-- PROBLEM TO WORK ON --
Keep the lines exact and the pictures out as you repeat the following listing.

-- INPUT DATA --
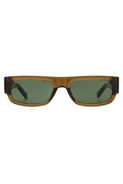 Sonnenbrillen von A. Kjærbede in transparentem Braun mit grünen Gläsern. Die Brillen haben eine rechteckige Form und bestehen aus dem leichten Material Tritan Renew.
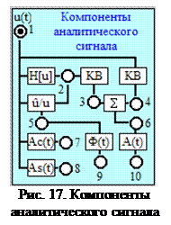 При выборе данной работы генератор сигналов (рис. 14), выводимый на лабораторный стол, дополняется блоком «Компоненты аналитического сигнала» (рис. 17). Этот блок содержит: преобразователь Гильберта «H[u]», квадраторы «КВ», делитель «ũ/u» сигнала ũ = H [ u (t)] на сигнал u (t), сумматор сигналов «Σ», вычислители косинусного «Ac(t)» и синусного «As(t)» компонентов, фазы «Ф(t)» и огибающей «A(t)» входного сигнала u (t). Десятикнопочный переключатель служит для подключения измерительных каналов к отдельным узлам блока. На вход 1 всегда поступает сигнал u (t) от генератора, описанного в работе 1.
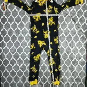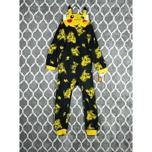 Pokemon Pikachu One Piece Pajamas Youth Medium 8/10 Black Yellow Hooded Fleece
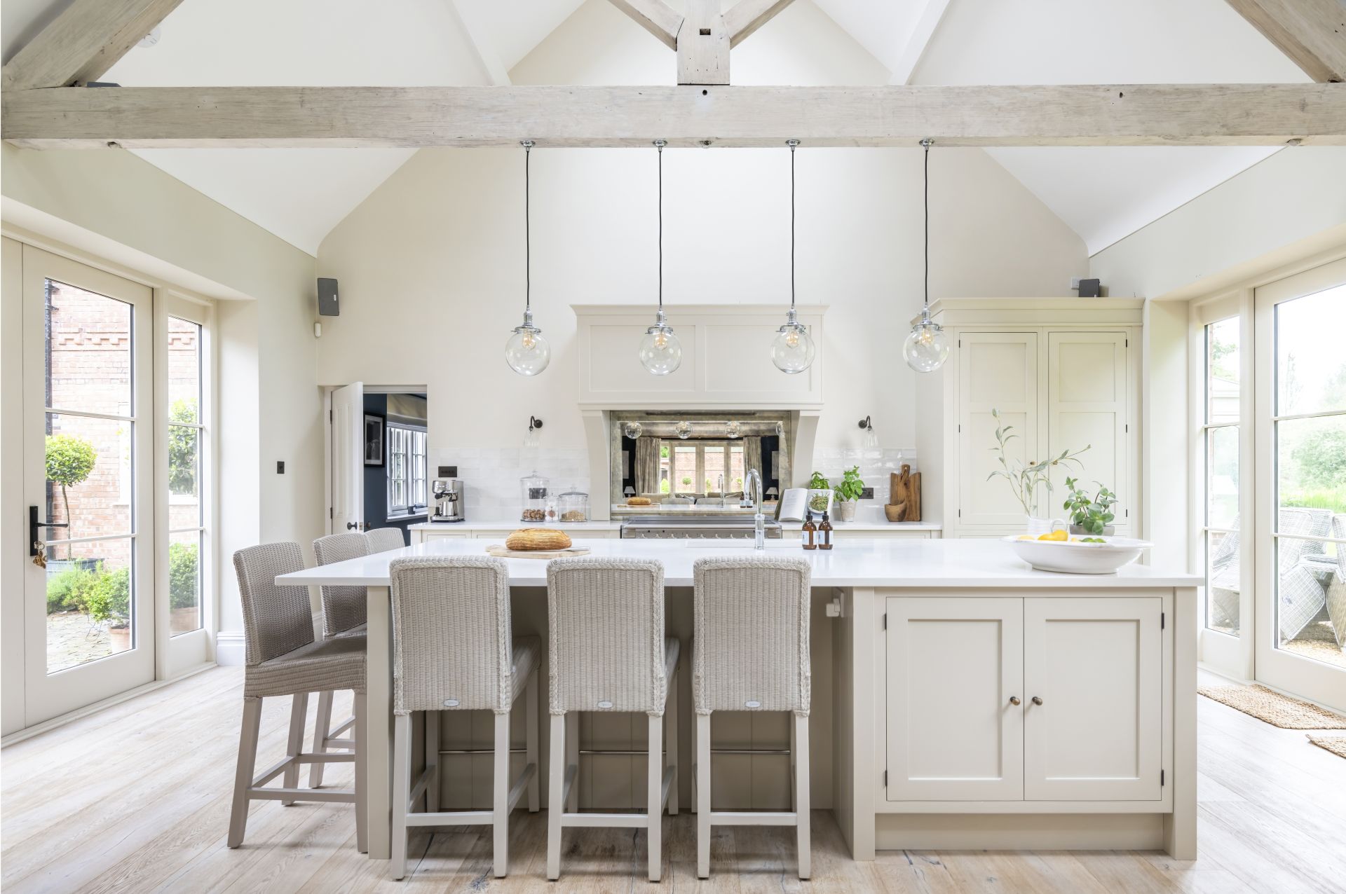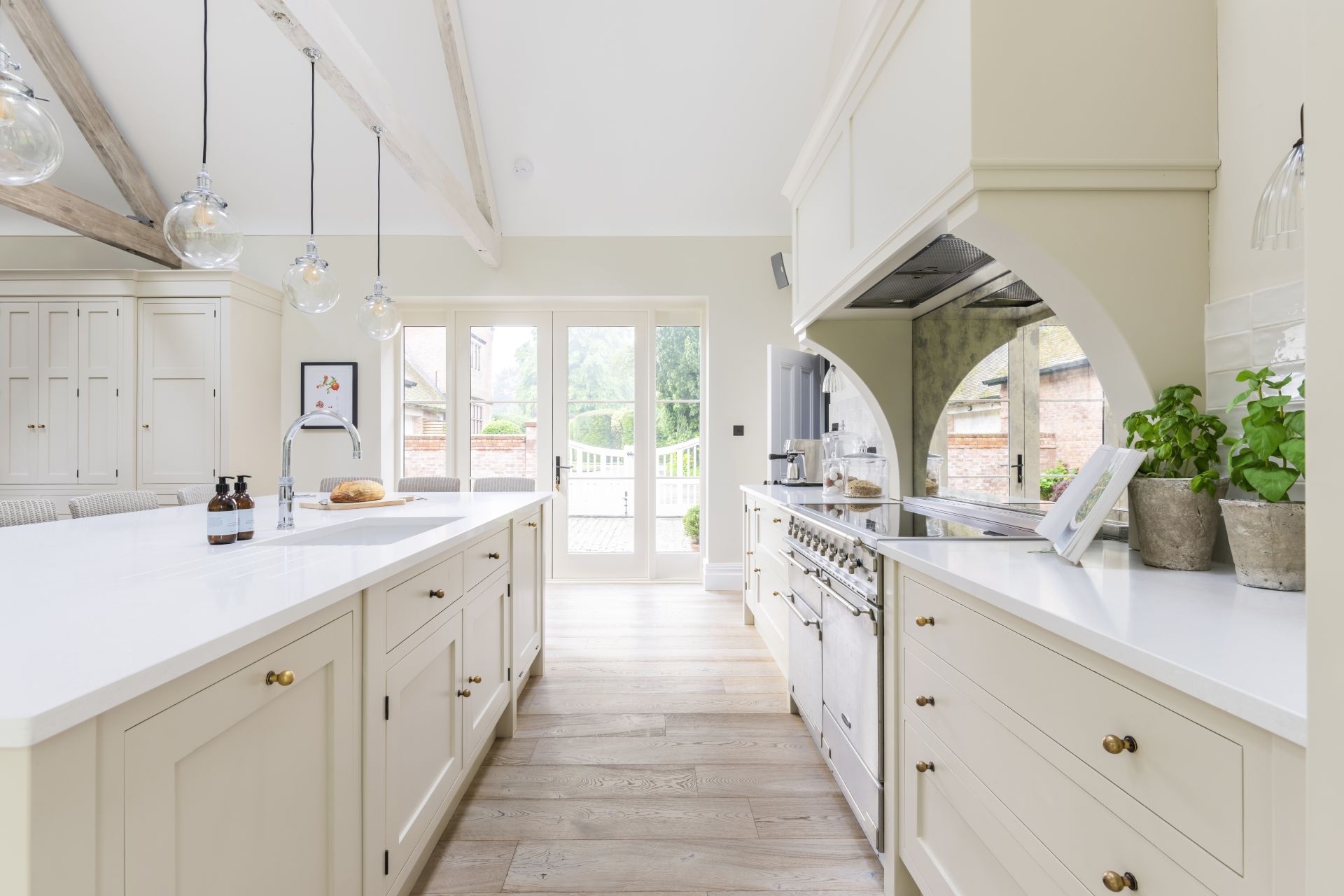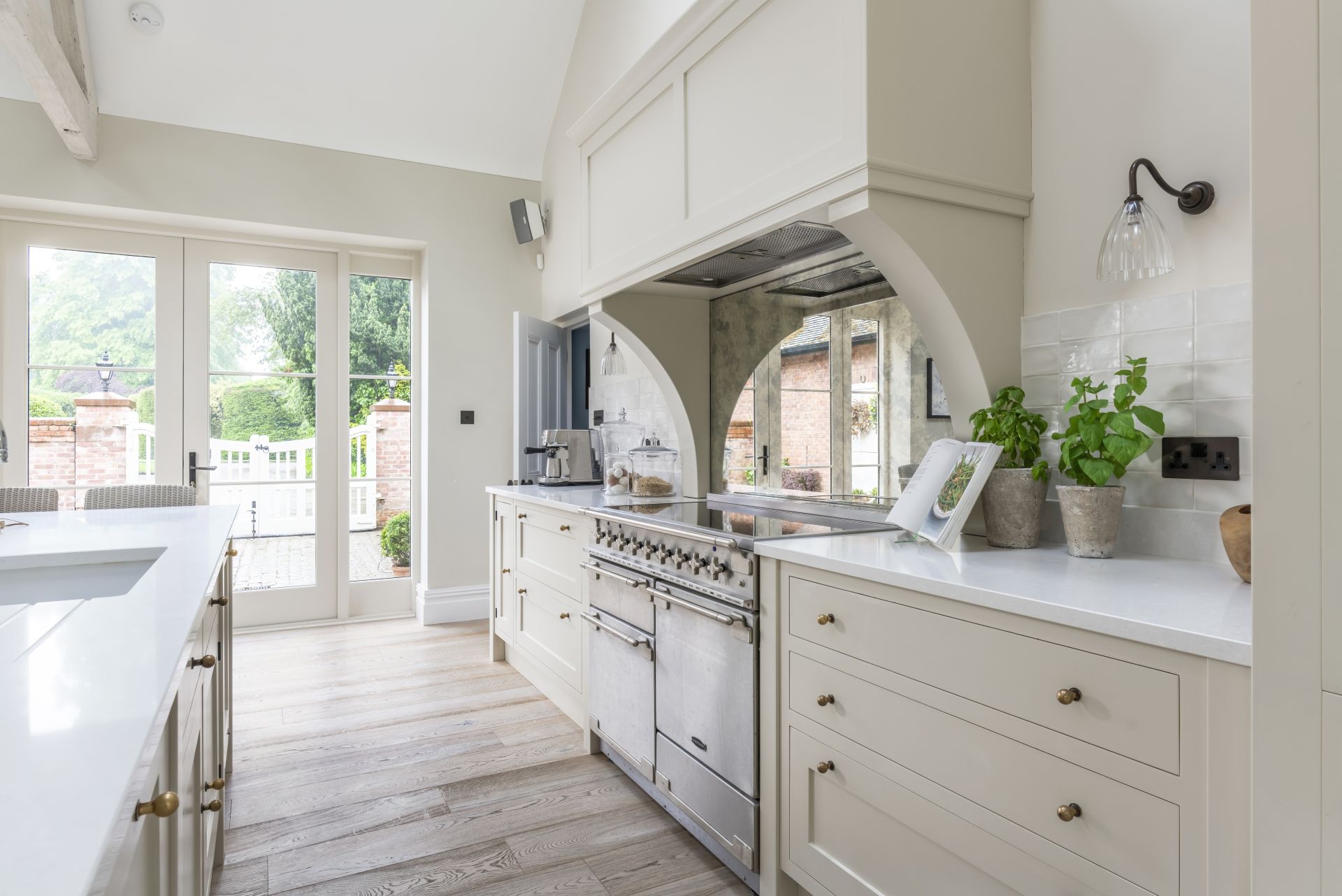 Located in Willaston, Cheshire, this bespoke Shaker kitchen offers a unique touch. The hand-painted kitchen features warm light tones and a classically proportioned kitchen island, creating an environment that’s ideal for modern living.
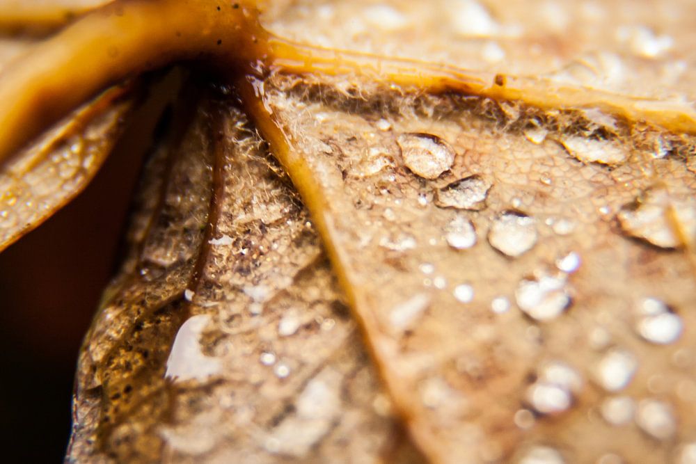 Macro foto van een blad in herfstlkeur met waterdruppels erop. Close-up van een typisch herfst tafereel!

-- ANSWER --
 Sonnenbrillen von A. Kjærbede in transparentem Braun mit grünen Gläsern. Die Brillen haben eine rechteckige Form und bestehen aus dem leichten Material Tritan Renew.
 При выборе данной работы генератор сигналов (рис. 14), выводимый на лабораторный стол, дополняется блоком «Компоненты аналитического сигнала» (рис. 17). Этот блок содержит: преобразователь Гильберта «H[u]», квадраторы «КВ», делитель «ũ/u» сигнала ũ = H [ u (t)] на сигнал u (t), сумматор сигналов «Σ», вычислители косинусного «Ac(t)» и синусного «As(t)» компонентов, фазы «Ф(t)» и огибающей «A(t)» входного сигнала u (t). Десятикнопочный переключатель служит для подключения измерительных каналов к отдельным узлам блока. На вход 1 всегда поступает сигнал u (t) от генератора, описанного в работе 1.
 Pokemon Pikachu One Piece Pajamas Youth Medium 8/10 Black Yellow Hooded Fleece
 Located in Willaston, Cheshire, this bespoke Shaker kitchen offers a unique touch. The hand-painted kitchen features warm light tones and a classically proportioned kitchen island, creating an environment that’s ideal for modern living.
 Macro foto van een blad in herfstlkeur met waterdruppels erop. Close-up van een typisch herfst tafereel!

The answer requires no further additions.